Member of the House of Representatives
- In office 2 May 2012 – 8 November 2020
- Preceded by: Myint Maung
- Constituency: Thongwa Township

First Lady of Myanmar
- In role 30 March 2016 – 21 March 2018
- President: Htin Kyaw
- Preceded by: Khin Khin Win
- Succeeded by: Khin Thet Htay (acting)

Personal details
- Born: 22 April 1952 (age 74) Yangon, Burma
- Party: National League for Democracy
- Spouse: Htin Kyaw ​(m. 1973)​
- Alma mater: University of Yangon University of Sydney Yangon Institute of Education

= Su Su Lwin =

Burmese politician (born 1952)

Su Su Lwin (စုစုလွင်‌, /my/; born 22 April 1952) is a Burmese politician and former First Lady of Myanmar. She has been the MP for Thongwa Township in the House of Representatives since 2012. She is the wife of Htin Kyaw, the ninth President of Myanmar, who in March 2016 became the first civilian president of the country in 53 years.

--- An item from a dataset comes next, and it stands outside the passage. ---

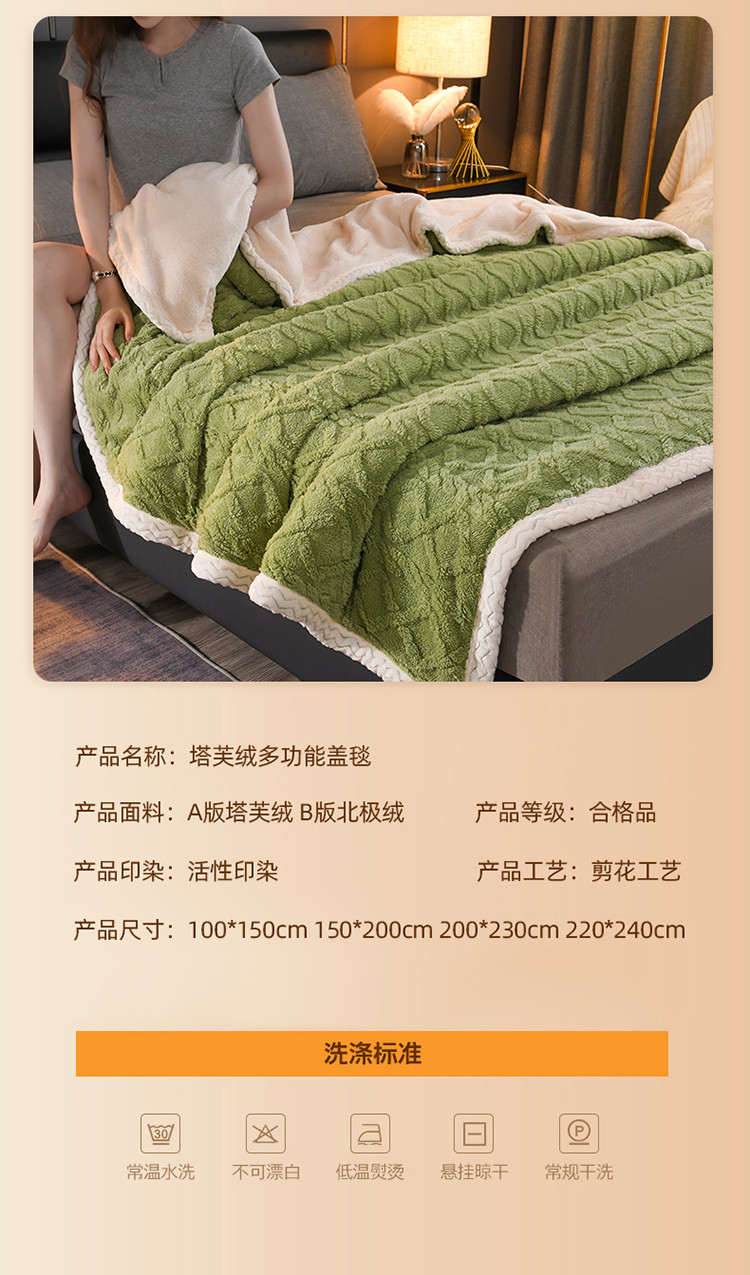 (总)迷仙巢 2022新款塔夫绒多功能盖毯,卡其色,米白色,抹茶绿,柠檬黄,深空灰,香芋紫,樱花粉

==Early life and education==
Su Su Lwin is the daughter of U Lwin, a veteran and former deputy prime minister of the Burma Socialist Programme Party (BSPP) regime as well as the founding member and secretary of the National League for Democracy (NLD). She is a descendant of a prince of the Konbaung dynasty Maung Maung Tin, who was a descendant of Ayodhya princess Kyauk Pwa Saw.

She spent her elementary school years in the United States. She studied at the Rangoon Institute of Education and graduated with a M.A. degree, and holds a post-graduate degree from the University of Sydney.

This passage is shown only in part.